In the foreclosure mitigation department, HOPE NOW has been reporting monthly permanent mortgage modification numbers at all-time highs since December 2009.   While this seems encouraging, as do some preliminary signs that modified loans are performing better, the investor reports on subprime and alt-A mortgages I follow tell a different story, showing total permanent mods down considerably since HAMP was introduced in early 2009.  According to HOPE NOW's numbers, the recent decline in mortgage workouts subsidized by the HAMP program is more than offset by continuing increases in "proprietary modifications", i.e. mortgage servicer initiatives not funded by TARP money.   In any event, while the crisis would certainly be worse without modification programs, they have failed thus far to even begin bringing foreclosures back down to non-crisis levels.


banks are deliberately procrastinating on foreclosures; they dont want the worthless houses either, in some areas of the country people have been living in their homes for over 500 days without paying on their mortgages...

Nearly Two-Thirds of Delinquent Mortgages Untouched: Study - According to a new report from state attorneys general and bank supervisors from across the country, more than 60 percent of homeowners with seriously delinquent loans are still not involved in any form of loss mitigation with their servicer. The ratio is disconcerting considering the group also found that one of servicers’ primary loss mitigation options today, loan modifications, are resulting in significant payment reductions with fewer redefaults. The State Foreclosure Prevention Working Group says loans modified in 2009 are 40 to 50 percent less likely to be seriously delinquent six months after modification than loans modified at the same time in 2008. “This improvement in loan modification performance suggests that dire predictions of high redefault rates may not come true,” the group said in a paper released Tuesday. “This positive trend suggests that increased use of modifications resulting in significant payment reduction has succeeded in creating more sustainable loan modifications


Procrastination on Foreclosures, Now 'Blatant,' May Backfire - By postponing the date at which they lock in losses, banks and other investors positioned themselves to benefit from the slow mending of the real estate market. But now industry executives are questioning whether delaying foreclosures — a strategy contrary to the industry adage that "the first loss is the best loss" — is about to backfire. With home prices expected to fall as much as 10% further, the refusal to foreclose quickly on and sell distressed homes at inventory-clearing prices may be contributing to the stall of the overall market seen in July sales data. It also may increase the likelihood of more strategic defaults. It is becoming harder to blame legal or logistical bottlenecks, foreclosure analysts said. "All the excuses have been used up. This is blatant," Banks have filed fewer notices of default so far this year in California, the nation's biggest real estate market, than they did 2009 or 2008, according to data gathered by the company. Foreclosure default notices are now at their lowest level since the second quarter of 2007, when the percentage of seriously delinquent loans in the state was one-sixth what it is now.

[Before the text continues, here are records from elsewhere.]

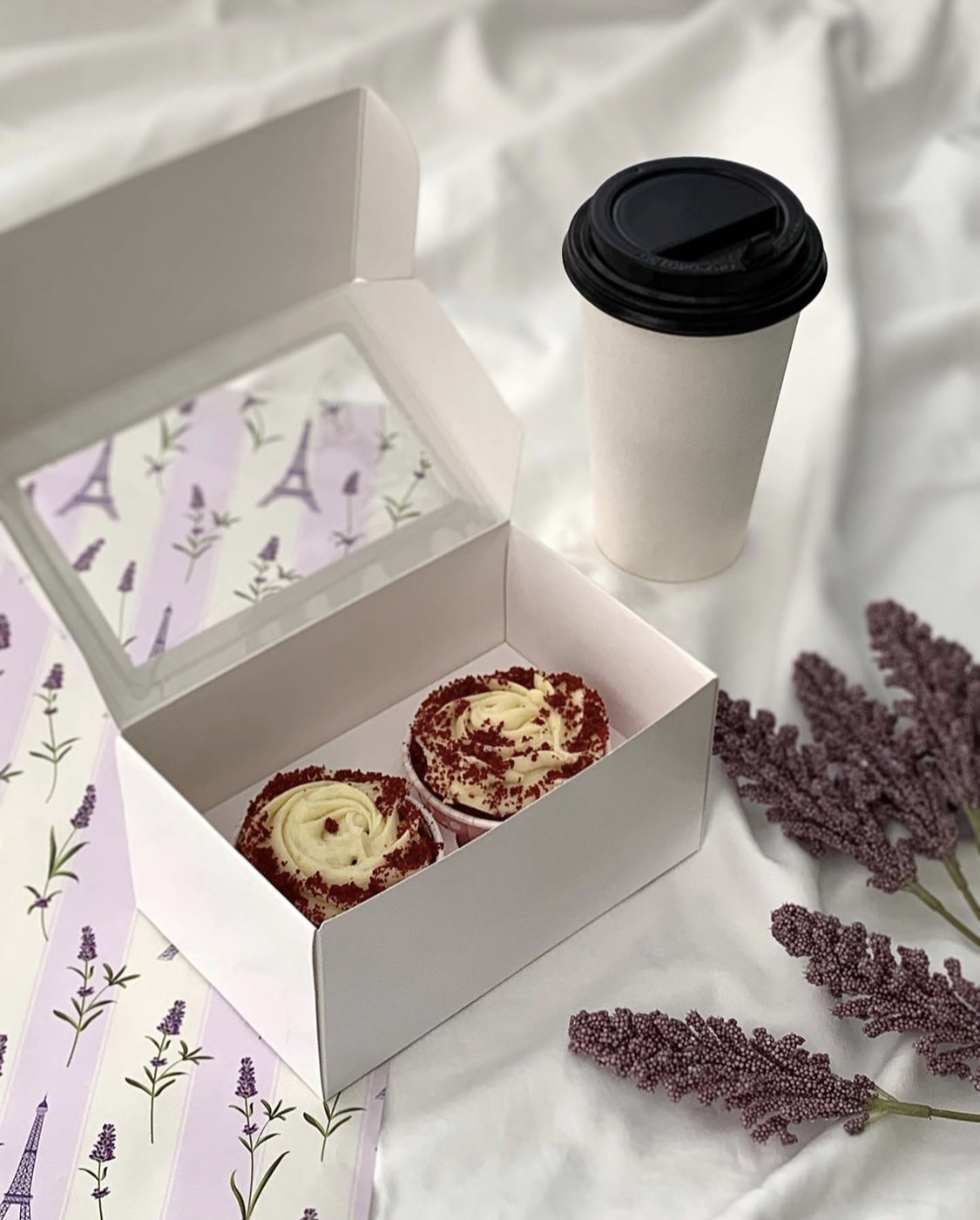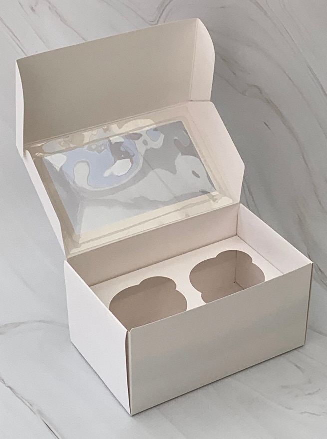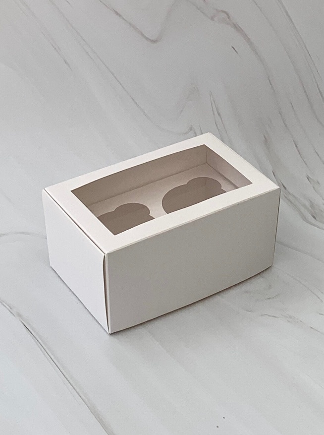 Упаковка под 2 капкейка с окном, белая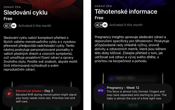 Sledování cyklu je PP, který ženám umožňuje monitorovat jejich menstruační cyklus a poskytuje jim personalizovaná doporučení pro danou fázi. PP Těhotenské informace poskytuje doporučení pro každý trimestr s ohledem na naměřené metriky (HR, HRV, RHR).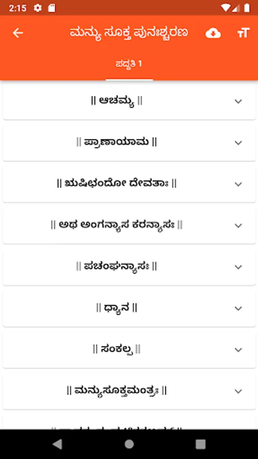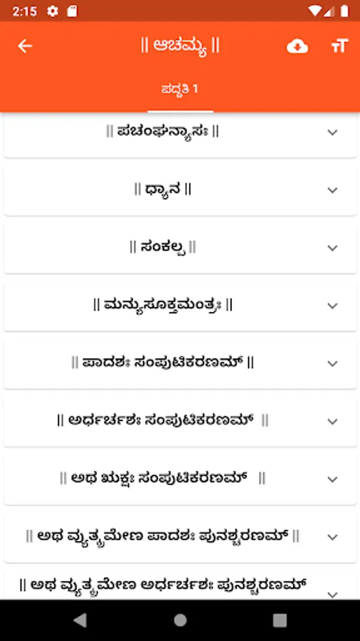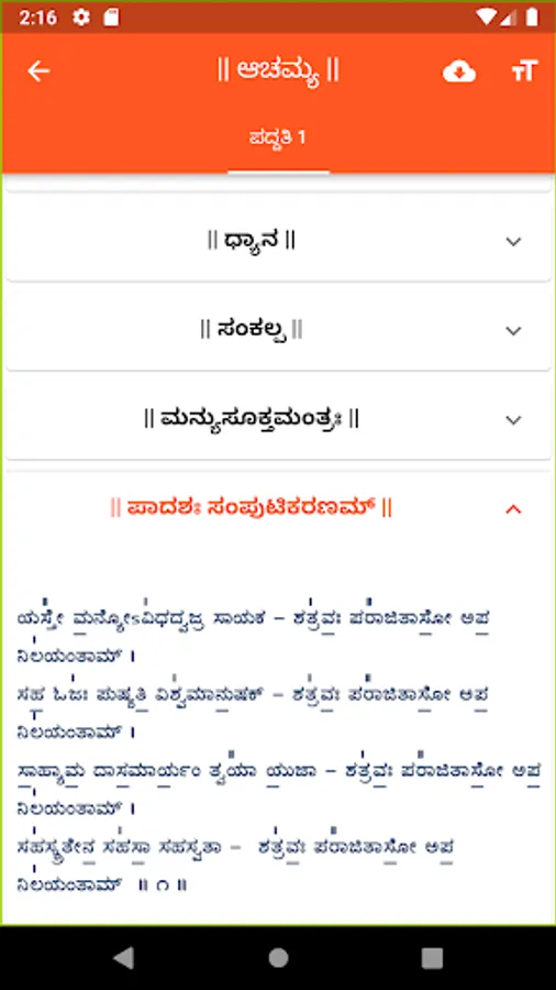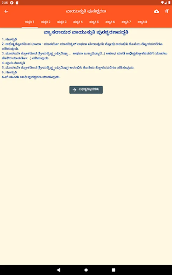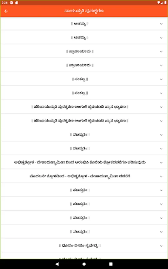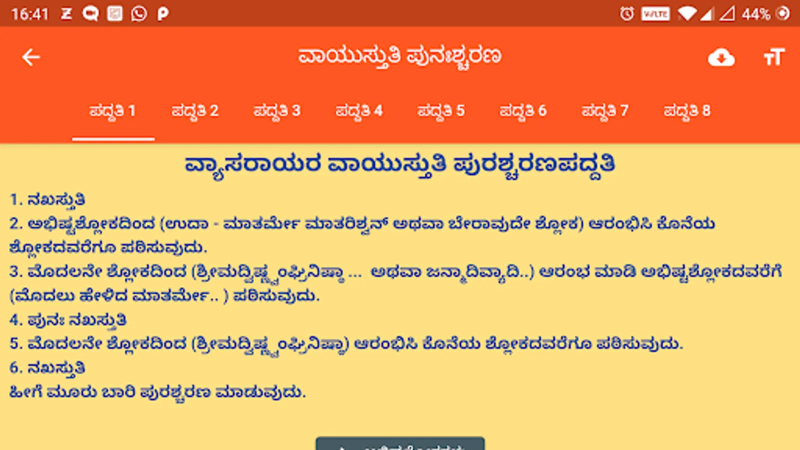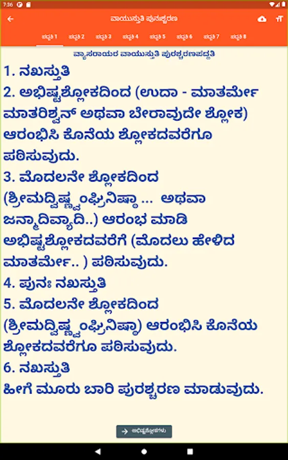 The Punacharanas like Manyusukta and vayustuthi can be viewed. The stotras are included like vishnusahasranama, vayustuthi, manyu sukta etc.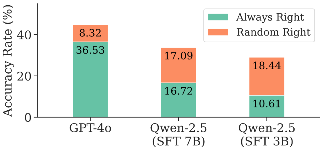 如图 1 所示,在相同数据上重复两次推理,弱一些的基础模型往往出现「随机正确」(random right)比例接近或甚至高于「总是正确」(always right)的情况。这种随机性极大削弱了模型的实际表现。这种不稳定的根源在于搜索过程的脆弱性。
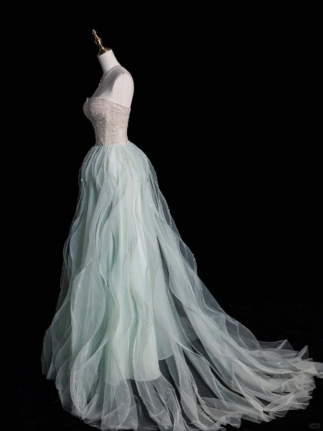 Elegant A Line Sweetheart Neck Sequin Beaded Mint Green Tulle Prom Dress Graduation Prom Dress SH2474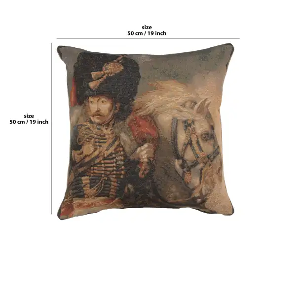 Officer of the Guard, or Cavalier de la Garde, is a jacquard tapestry cushion case over inspired from the famous masterpiece called, The Charging Chasseur, which was painted by Theodore Gericault in 1812. Gericault was an emblematic artist of the Napoleon era.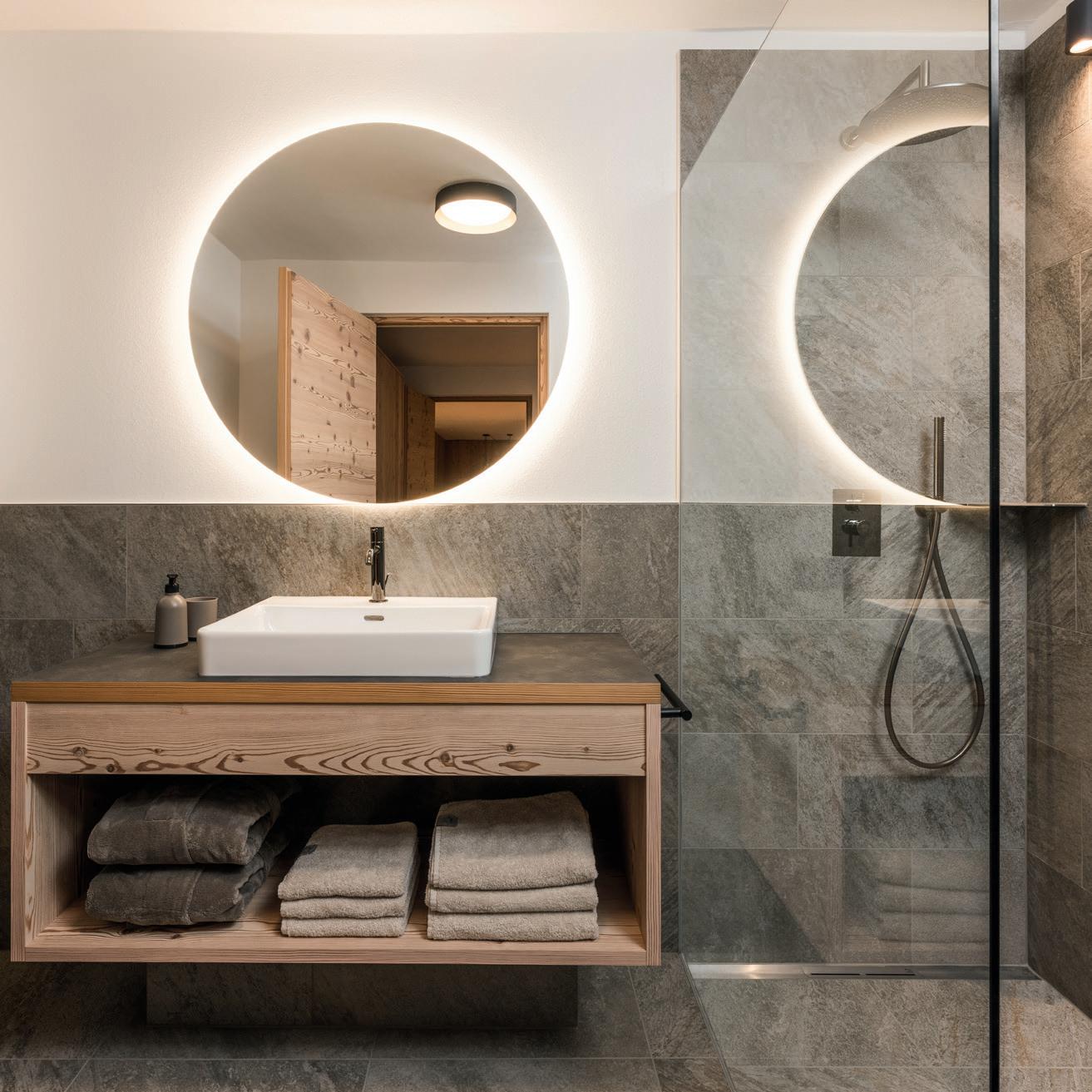 Modern interpretiertes Alpindesign im Bad –natürliche Materialien, klare Formen und indirektes Licht verbinden Ästhetik mit Funktionalität.

I concur that banks are taking their sweet time to try to do any loan modification. They believe that they can just foreclosed on the properties and take possession of the properties. Banks still believe that they can get a better price by repossessing the homes in their portfolio.

We need a way to make them understand that it is in everyone's best interest if the bank and the homeowners can come to an agreement to keep the loan agreement as it was intended originally.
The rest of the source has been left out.